In the U.S., a report showed that claims for unemployment benefits rose less than forecast last week to a level that shows companies may be starting to slow the pace of dismissals.
Applications for jobless benefits increased by 6,000 in the week ended Oct. 1 to 401,000, Labor Department figures showed today. Economists had predicted 410,000 claims, according to the median estimate in a Bloomberg News survey.
Credit Agricole climbed 2.8 percent to 5.31 euros, while BNP advanced 6.5 percent to 31.41 euros. Shares of Natixis surged 11 percent to 2.56 euros.
France’s state-holding agency is working on a plan, involving two or three unnamed banks, Le Figaro said, citing a person familiar with the matter that it didn’t identify. A French government official, who declined to be named because he’s not authorized to speak to the press, rejected the report, calling it false.
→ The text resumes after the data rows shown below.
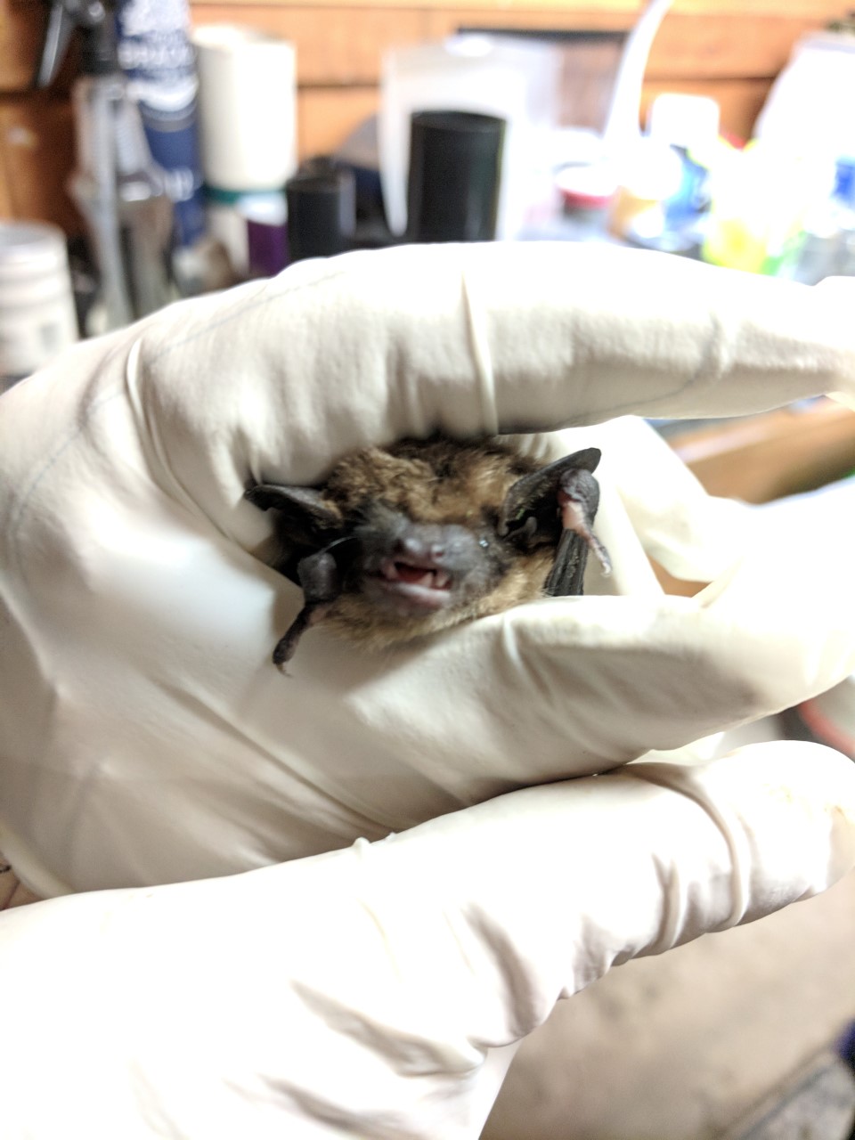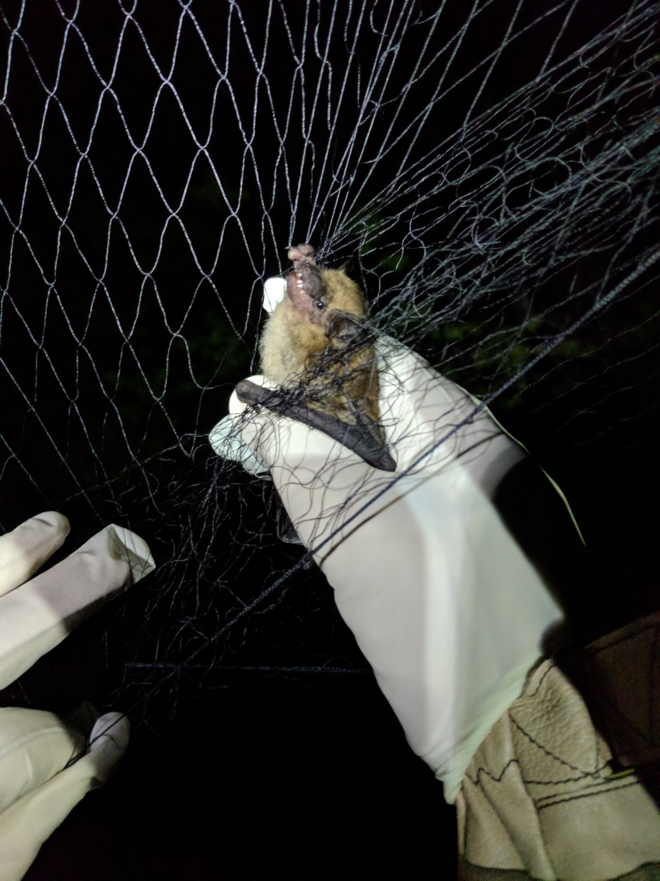 Michelle Karam visited tonight with 2 of her students to try and catch and band bats. Sian Ford and I tagged along (me just until it got dark….something to do with the need for beauty sleep…). While waiting for it to get dark Sian opened Net 7 in the hope of netting some of the Common Nighthawks that were flying around. The nighthawks were too high but she did get a new Brown Thrasher and 2 retrapped Brewster’s/Blue-winged Warbler, a male and female, probably a mated pair. Later Michelle did get a bat – a Big Brown Bat – and banded it.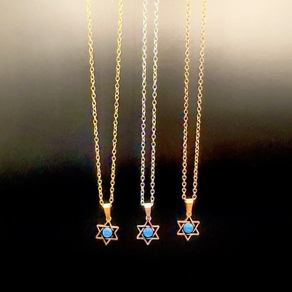 Star of David Necklace with Blue Opal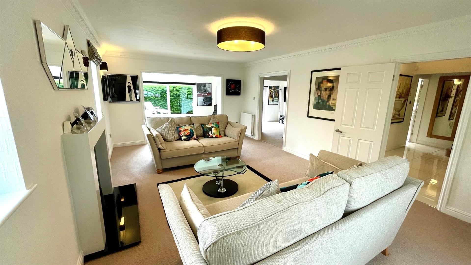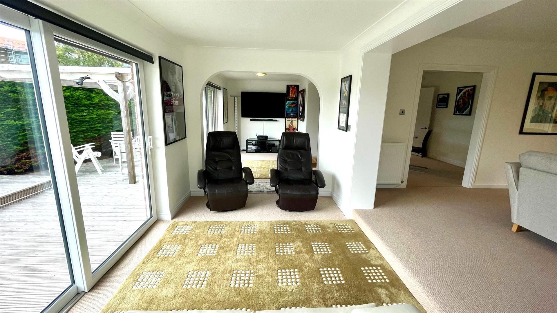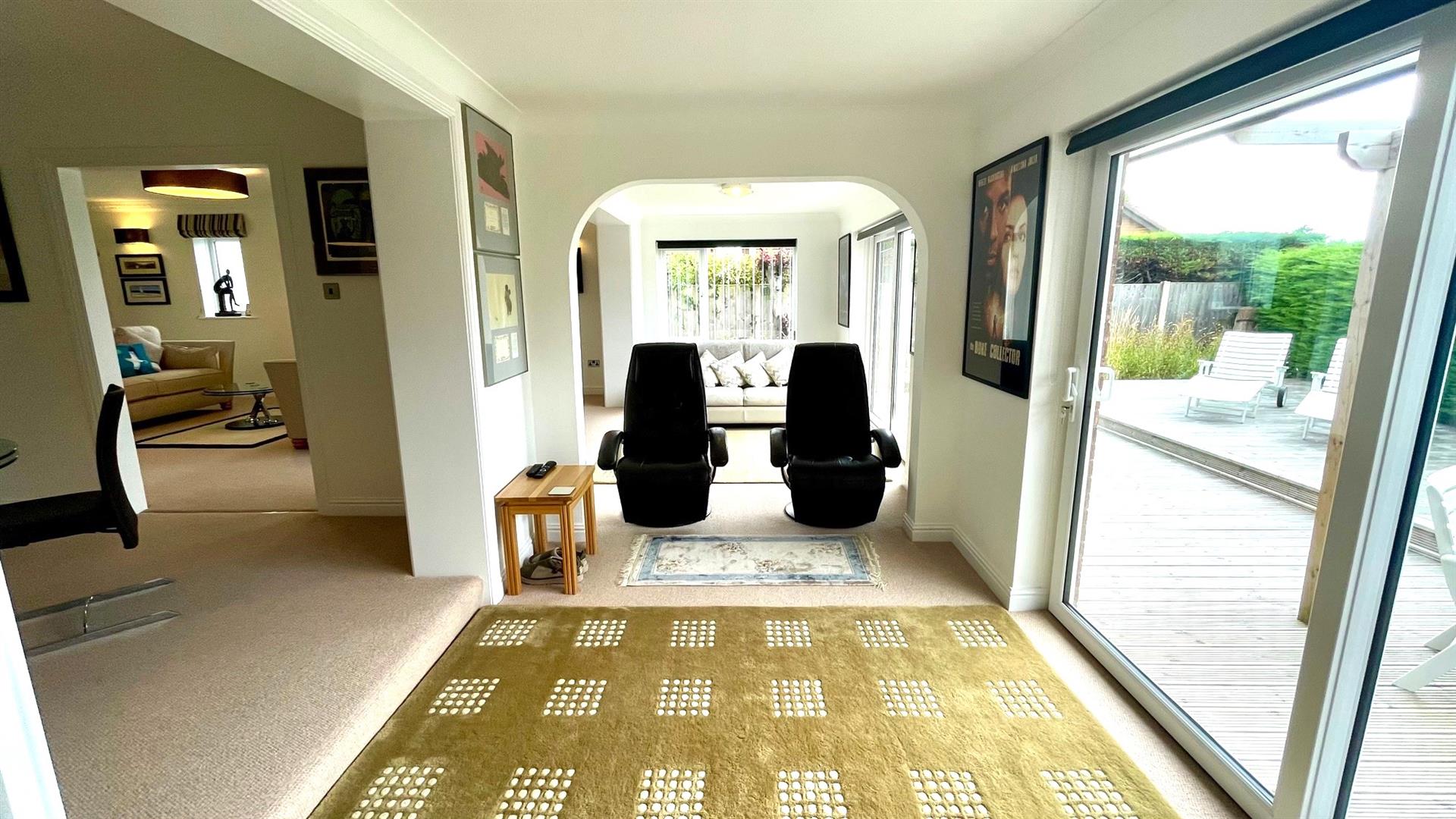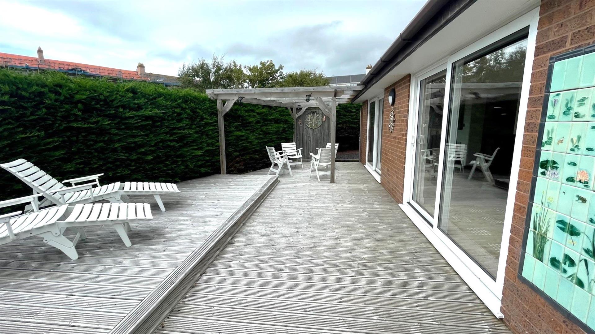 2 double radiators, coving, side aspect upvc double glazed window, 2 upvc double glazed patio sliding doors to decked seating area.

Basic-resources shares jumped 4 percent, for the best performance of the 19 industry groups in the Stoxx 600. BHP gained 4.1 percent to 1,851.5 pence. Rio Tinto Group, the world’s second-largest mining company, increased 5.9 percent to 3,075.5 pence. Copper, lead, nickel and tin rose in London.
SABMiller, AB InBev
SABMiller, the maker of Peroni and Grolsch beer, soared 6.2 percent to 2,230 pence, its biggest gain since May 2010. Brazilian news website IG reported that AB InBev, the world’s largest brewer, has held talks to acquire the company for about $80 billion. AB InBev slipped 1.4 percent to 39.07 euros.
Nigel Fairbrass, a spokesman for London-based SABMiller, and Marianne Amssoms, a spokeswoman for Leuven, Belgium-based AB InBev, declined to comment on the report.
Atos SA rose 4.7 percent to 33.55 euros. Chief Executive Officer Thierry Breton confirmed the French computer-services company’s targets for 2011 and 2013 in an interview with French newspaper Les Echos. The company will be debt free by June 30, 2012, Breton said.
UBS AG (UBSN) gained 2.5 percent to 10.76 Swiss francs after Switzerland’s biggest bank said Francois Gouws and Yassine Bouhara resigned as co-heads of global equities following last month’s $2.3 billion loss from unauthorized trading.
Eurofins Scientific (ERF) SA surged 9 percent to 58.97 euros. The company predicted that adjusted earnings before interest, taxes, depreciation and amortization of as much as 145 million euros ($192 million) in 2011.
Hays Plc (HAS), the London-based recruiting company, rallied 5.9 percent to 71.6 pence. The company said net fees rose 21 percent in the quarter ended September 30.
Dexia Shares Tumble
Dexia SA (DEXB) sank 15 percent to 87.1 euro cents for the largest plunge on the Stoxx 600 after Luxembourg’s Finance Minister, Luc Frieden, said an international investor is ready to take over Dexia Banque Internationale a Luxembourg SA.
Qatari Investment Authority, the country’s sovereign-wealth fund, may be part of a group of international investors looking to buy the Luxembourg banking unit of Dexia, Les Echos reported, without saying where it got the information.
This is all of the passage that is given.